# I had little time.. Check them out! Part 2



## WesJY (Mar 4, 2004)

I bought the JL dodge ram truck from epay (it was already customized to make it real low and make it look like drag truck - it was yellow with black stripes so I painted it and added decals I think it is one bad a$$ looking mopar truck huh?) and another one is afx 55 chevy body (one window post was missing - i did restore it and the body was in bad shape so I painted it all, front/rear painted in chrome so I decided to use bud decals on that one)

What you guys think on this one? 

http://home.comcast.net/~darkhawk/custom/custom.JPG

Enjoy..
Wes


----------



## roadrner (Jul 21, 1999)

*WoW!!!*

Wes,

They look great! What color red did you use for the 55? Gonna have to steal your idea. I have a couple of junkers that could be brought back to life. Or if you're gonna dump the 55 LMK.  
Thanks, Dave


----------



## WesJY (Mar 4, 2004)

roadrner said:


> Wes,
> 
> They look great! What color red did you use for the 55? Gonna have to steal your idea. I have a couple of junkers that could be brought back to life. Or if you're gonna dump the 55 LMK.
> Thanks, Dave


Thanks! It was only one afx 55 body that has been in the box for so long so I just decided to fix it up. I have anothers in display that I will not paint them. they are orginial. 

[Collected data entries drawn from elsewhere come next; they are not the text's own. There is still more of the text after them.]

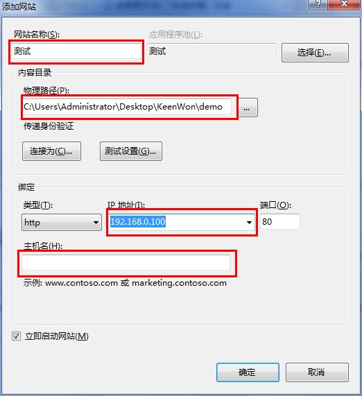 IIS 中新建站点#
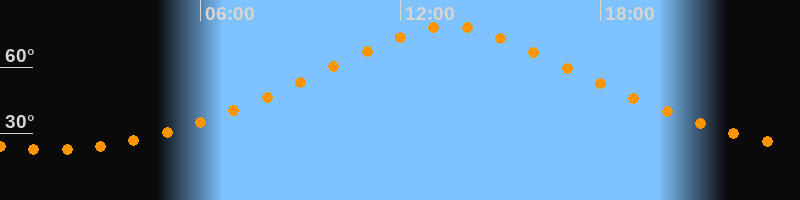 | Höchster Stand (Kulmination) | 13:27 Uhr (h = 78,5°) |
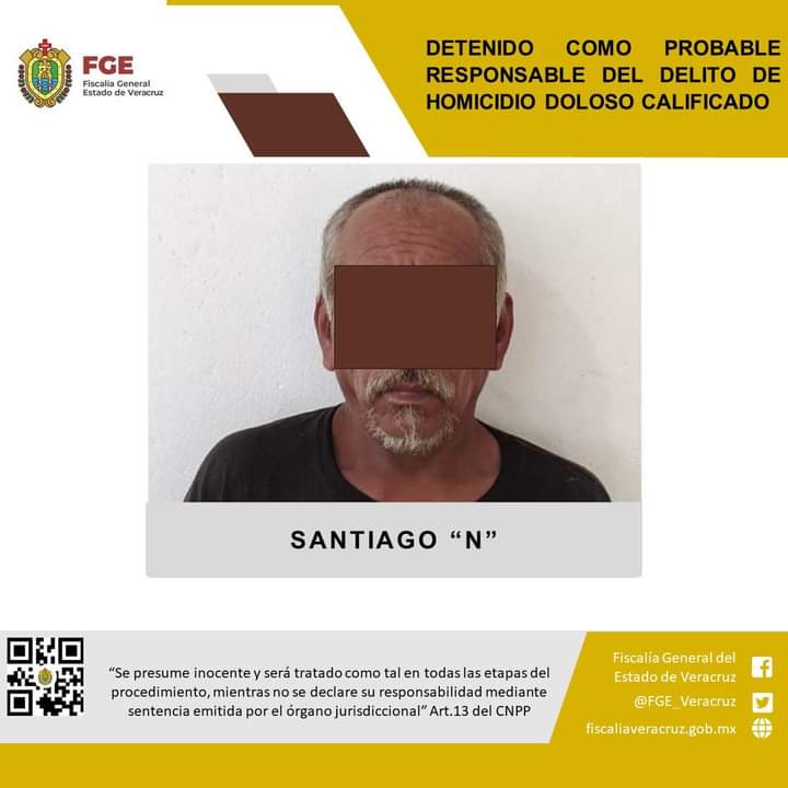Papantla, Ver., 26 de abril del 2024.- La Fiscalía General del Estado informa que, elementos de la Policía Ministerial cumplimentaron orden de aprehensión en contra de Santiago “N” como probable responsable del delito de homicidio doloso calificado cometido en agravio de la víctima identificada con las iniciales G.R.C.

I used America's finest by rust oleum (HD2866 Banner Red) from wal mart. 

Thanks
Wes


----------



## roadrner (Jul 21, 1999)

Wes,

Thanks! Guess I'll have to make a pit stop on the way in tonight.  Dave


----------



## WesJY (Mar 4, 2004)

no problem!

Wes


----------



## hartracerman (Jan 9, 2005)

I've got some new respect for an old 55 I'd like to see one with Shuster and Duelley or what ever those beer stiens were.


----------



## hdbiker (Dec 18, 2004)

Looks great love that 55


----------



## WesJY (Mar 4, 2004)

hdbiker said:


> Looks great love that 55


thanks guys

Wes


----------



## boss9 (Apr 19, 2002)

Hey there-

Nice work Wes! I love the stance of the truck, and the 55's colour is outstanding!

Excellent jobs on both!:thumbsup: :thumbsup: 


Cheers!


----------



## Lype Motorsport (Mar 14, 2004)

Hi Wes
Those look great! Keep up the great work!

Larry


----------



## WesJY (Mar 4, 2004)

thanks guys!!

Wes


----------